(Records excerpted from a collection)
>>>
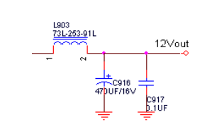 因?yàn)檩敵?/span>干擾的頻譜相當(dāng)豐富,從幾十赫茲到幾十兆赫茲均含分量。因?yàn)樵诟哳l的情況下,濾波電容等效由純電容(C)、等效串聯(lián)電阻(RES)和等效串聯(lián)電感(LES)構(gòu)成的串聯(lián)電路。在作業(yè)頻率f超過電容器的自諧振頻率fr時,電容器就起到電感的作用。值大的濾波電容對低頻干擾比較敏感,相反,值小的濾波電容吸收高頻干擾的作用比較好。因此不能光采用大電解電容濾波C916,還有必要加接自諧振頻率很高的陶瓷電容器C917。
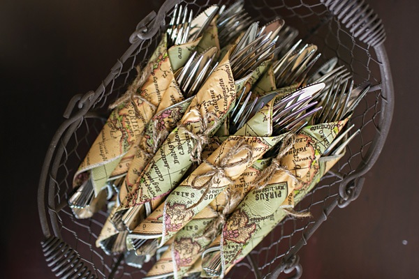 Que tal guardanapos de papel com mapas desenhados?
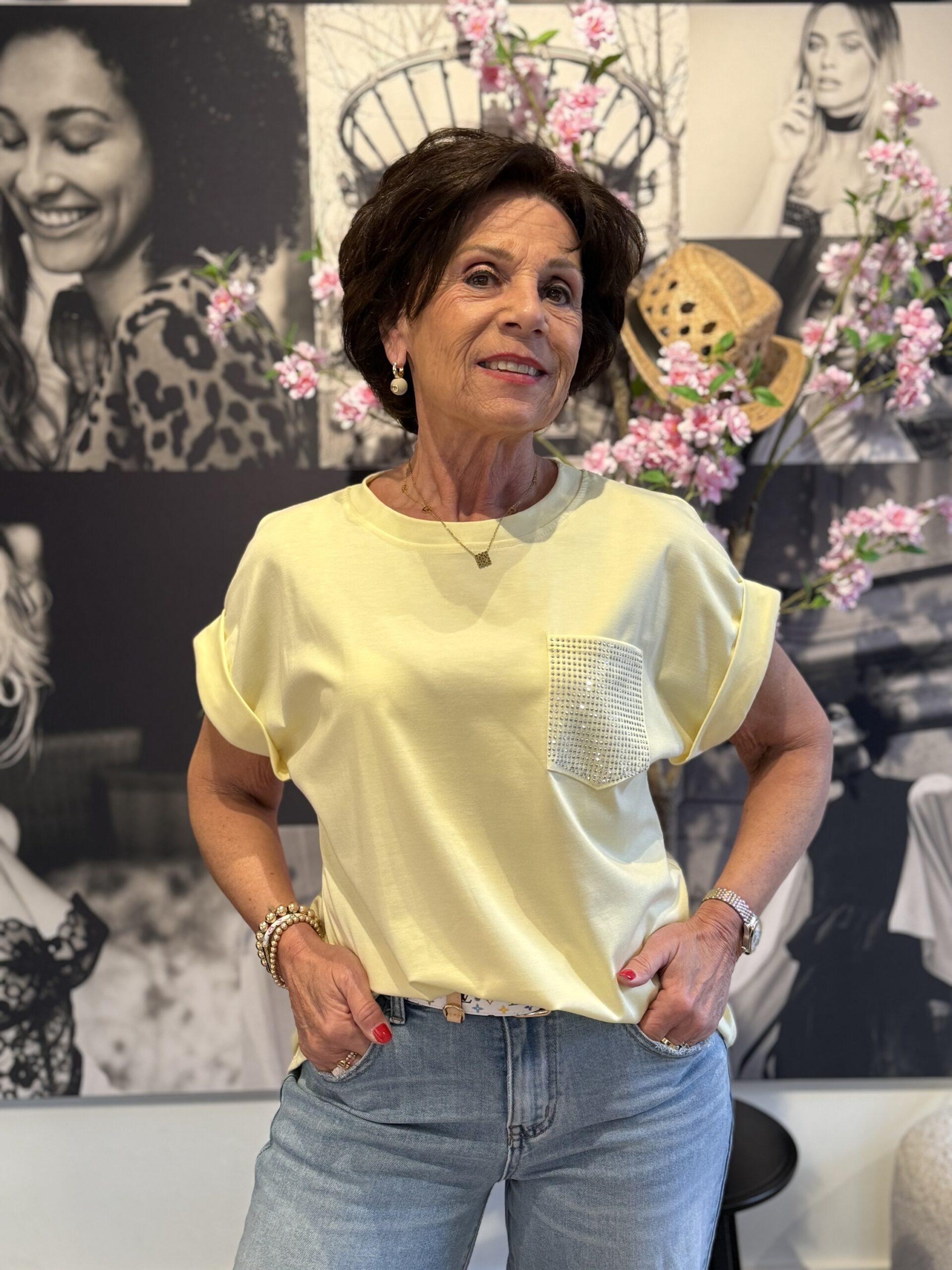 Dit stijlvolle T-shirt is een echte must-have voor jouw garderobe. Het subtiele glitterdetail op het zakje geeft een speelse en vrouwelijke touch. Dankzij de comfortabele one-size pasvorm is het shirt geschikt tot maat L/XL en perfect te combineren voor een casual of geklede look.
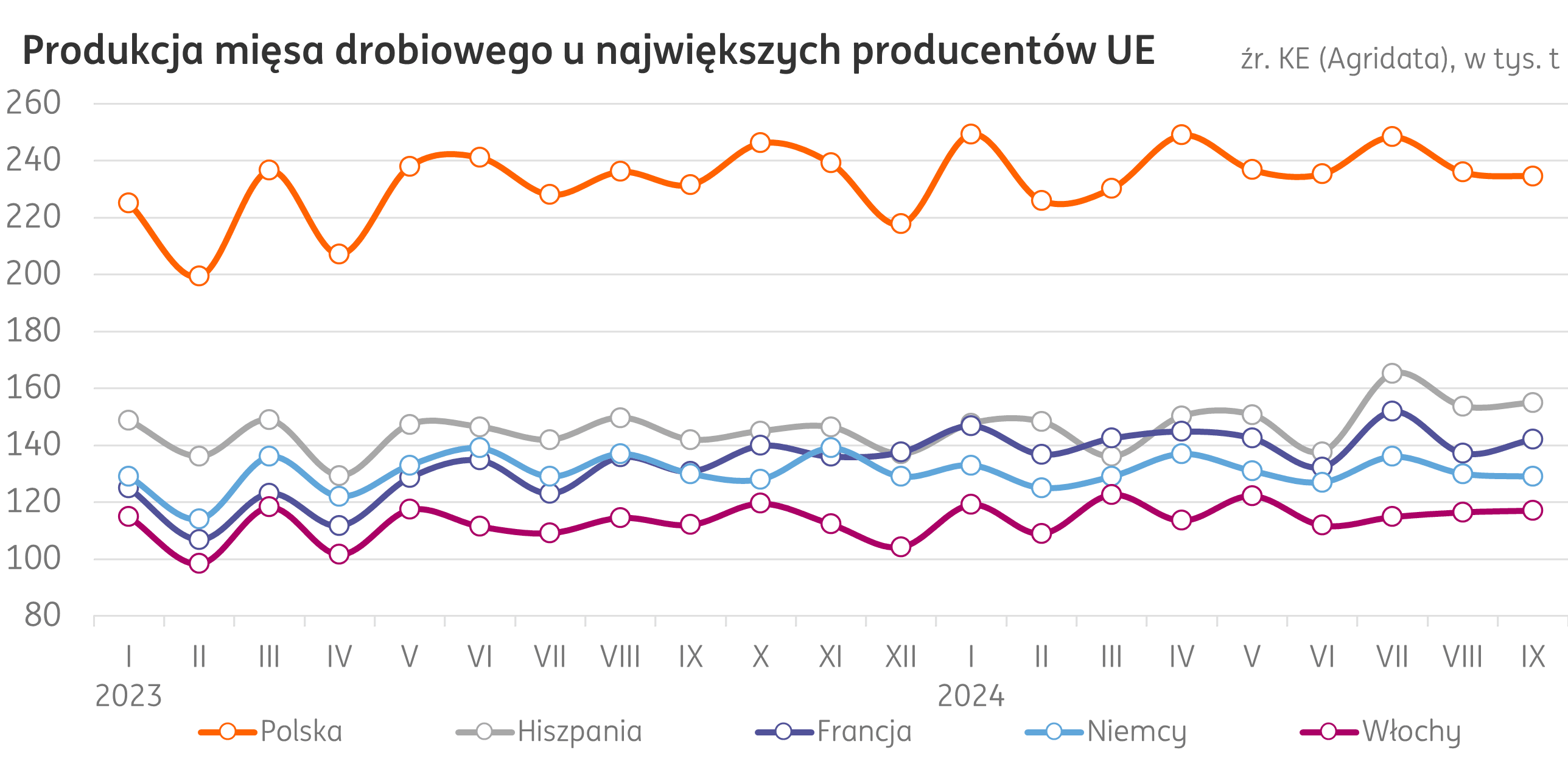 Unia Europejska. W ciągu trzech kwartałów 2024 r. produkcja drobiu w Unii Europejskiej, raportowana przez KE, osiągnęła 10,3 mln t (wg portalu Agridata), o 6% powyżej produkcji ubiegłorocznej. Polska, największy producent drobiu w Europie, wyprodukowała 2,1 mln t, stanowiącą 21% produkcji w UE w tym okresie, o 5% większą niż rok wcześniej. Hiszpania, drugi kraj UE pod względem wielkości produkcji drobiu, osiągnęła wolumen 1,3 mln t i wzrost produkcji o 4% w relacji rocznej. Spory wzrost zanotowano również we Francji, o 14% w porównaniu do ubiegłego roku, przy produkcji 1,3 tys. t.
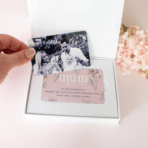 Our Personalised Mum Photo Card is a lovely quality metal card printed on both sides.
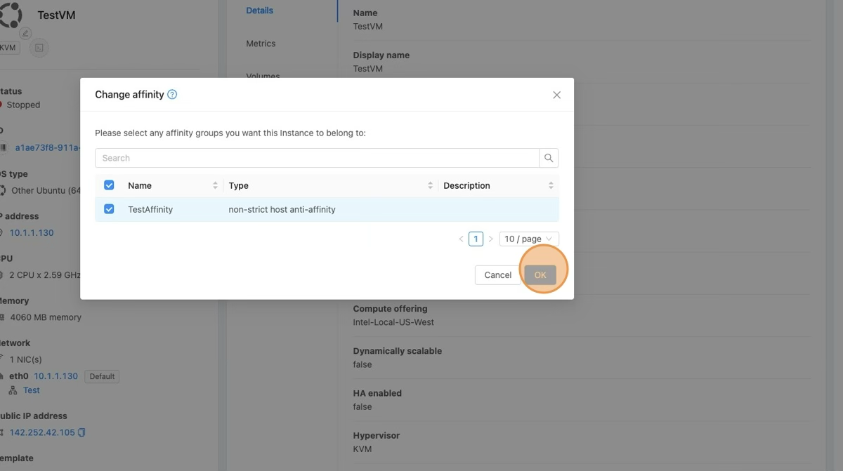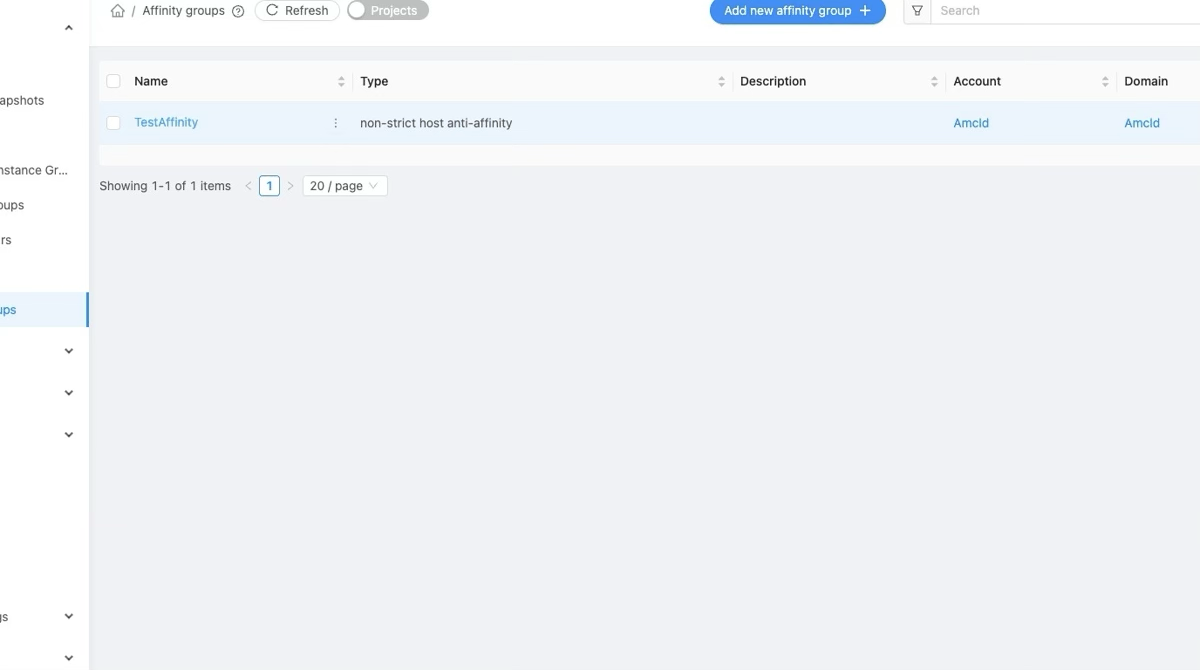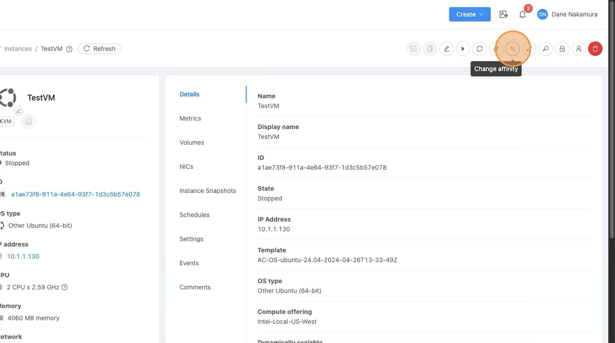 Tip! Affinity groups can be attached to instances while creating the instance. You can change an Affinity group of an existing instance from the Instance Details tab. Make sure to stop the instance before changing the Affinity group.
<<<
DESCRIPTION OF THE TASK.
Please give back exactly the lines from the first line of the records above through the line containing "Dit stijlvolle T-shirt", only those and both included, with the pictures removed.

ANSWER SECTION.
 因?yàn)檩敵?/span>干擾的頻譜相當(dāng)豐富,從幾十赫茲到幾十兆赫茲均含分量。因?yàn)樵诟哳l的情況下,濾波電容等效由純電容(C)、等效串聯(lián)電阻(RES)和等效串聯(lián)電感(LES)構(gòu)成的串聯(lián)電路。在作業(yè)頻率f超過電容器的自諧振頻率fr時,電容器就起到電感的作用。值大的濾波電容對低頻干擾比較敏感,相反,值小的濾波電容吸收高頻干擾的作用比較好。因此不能光采用大電解電容濾波C916,還有必要加接自諧振頻率很高的陶瓷電容器C917。
 Que tal guardanapos de papel com mapas desenhados?
 Dit stijlvolle T-shirt is een echte must-have voor jouw garderobe. Het subtiele glitterdetail op het zakje geeft een speelse en vrouwelijke touch. Dankzij de comfortabele one-size pasvorm is het shirt geschikt tot maat L/XL en perfect te combineren voor een casual of geklede look.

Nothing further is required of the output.